Sempre a Bagheria, un insolito quanto provvidenziale intervento di soccorso ha svelato una seconda attività illecita. I militari della Sezione Radiomobile, intervenuti in ausilio ai Vigili del Fuoco presso un’abitazione privata in cui era divampato un incendio, hanno scoperto, una volta domate le fiamme, una coltivazione domestica abusiva. All’interno dell’immobile – che non ha riportato danni strutturali tali da pregiudicarne l’agibilità e in cui non si sono registrati feriti – erano presenti 6 piante di marijuana in avanzato stato di coltivazione. Il proprietario dell’immobile, un 42enne nato negli Stati Uniti e residente a Bagheria, è stato deferito in stato di libertà.
Corleone: dosi pronte e armi in auto
L’azione di contrasto ha toccato infine l’area di Corleone. Durante un servizio coordinato per il controllo delle vie cittadine e delle aree rurali limitrofe, i Carabinieri della Stazione locale, coadiuvati dai militari della Sezione Radiomobile, hanno arrestato in flagranza di reato un 24enne originario di Palermo e residente a Corleone.
Il giovane, sottoposto a perquisizione personale, veicolare e domiciliare, è stato trovato in possesso di quasi 30 dosi di hashish già pronte per la cessione, di un panetto della medesima sostanza del peso di 8 grammi e della somma contante di 190 euro. Nel corso delle verifiche, i militari hanno rinvenuto all’interno dell’autovettura e posto sotto sequestro anche una mazza in legno con impugnatura artigianale antiscivolo, considerata arma atta a offendere. Il giovane è stato sottoposto alla misura degli arresti domiciliari in attesa dell’udienza di convalida.

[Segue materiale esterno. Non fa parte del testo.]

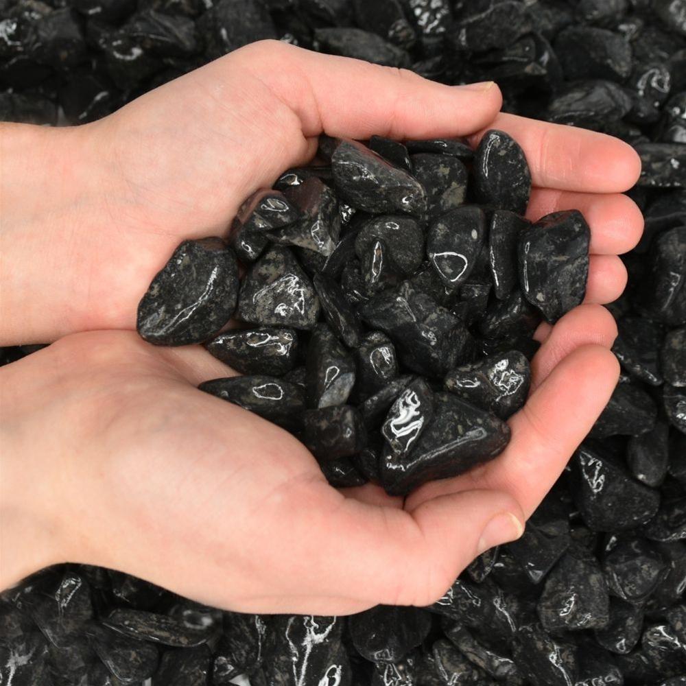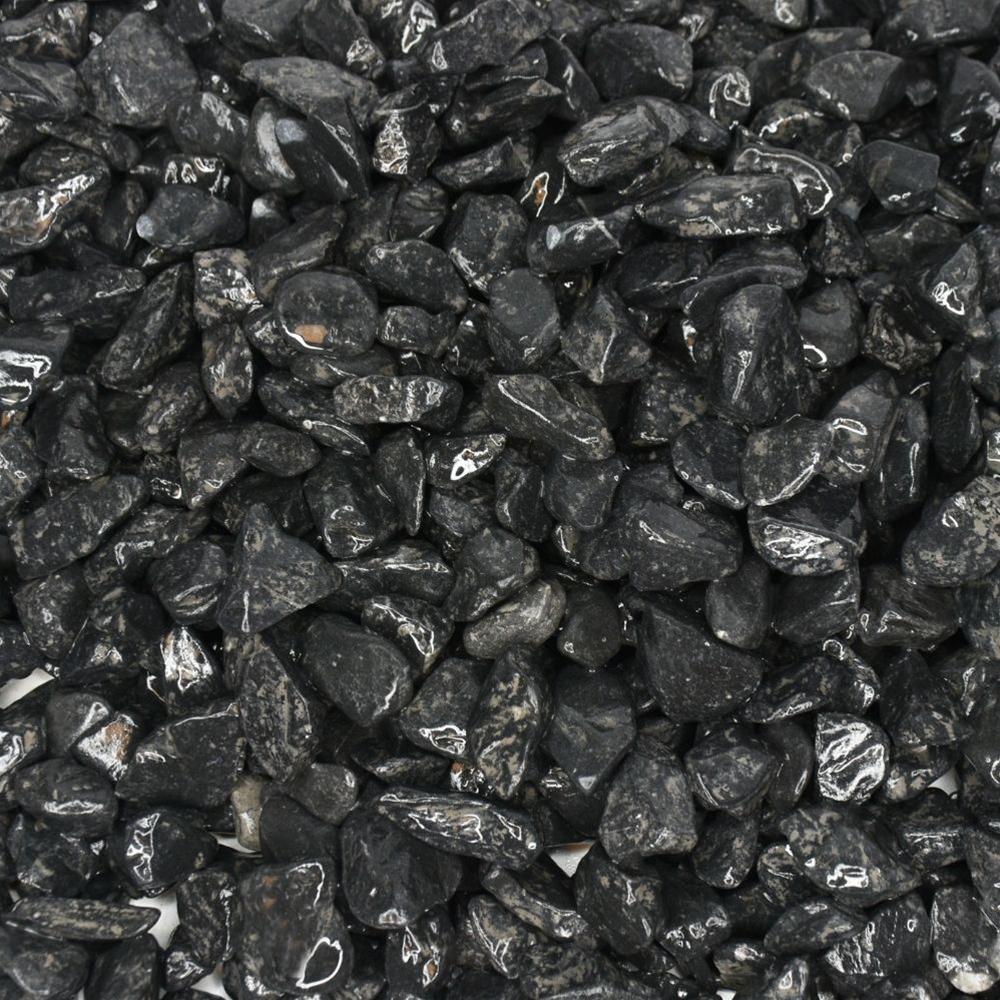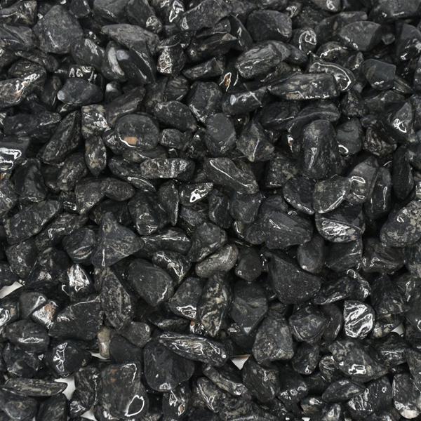 Our Midnight Black chipping is a naturally quarried product which may result in slight variations in formation, size, colour or shape. Midnight Black is a deep black when wet and a charcoal colour when dry.

Tutta la sostanza stupefacente sequestrata nel corso dei diversi blitz è stata inviata al Laboratorio per le Analisi delle Sostanze Stupefacenti del Comando Provinciale di Palermo per i necessari accertamenti tecnici. Questi interventi, condotti nel quadro dei quotidiani servizi di controllo del territorio, confermano l’efficacia dell’azione preventiva e repressiva dell’Arma, tesa a disarticolare le reti di microspaccio e a garantire una cornice di sicurezza e legalità per la cittadinanza.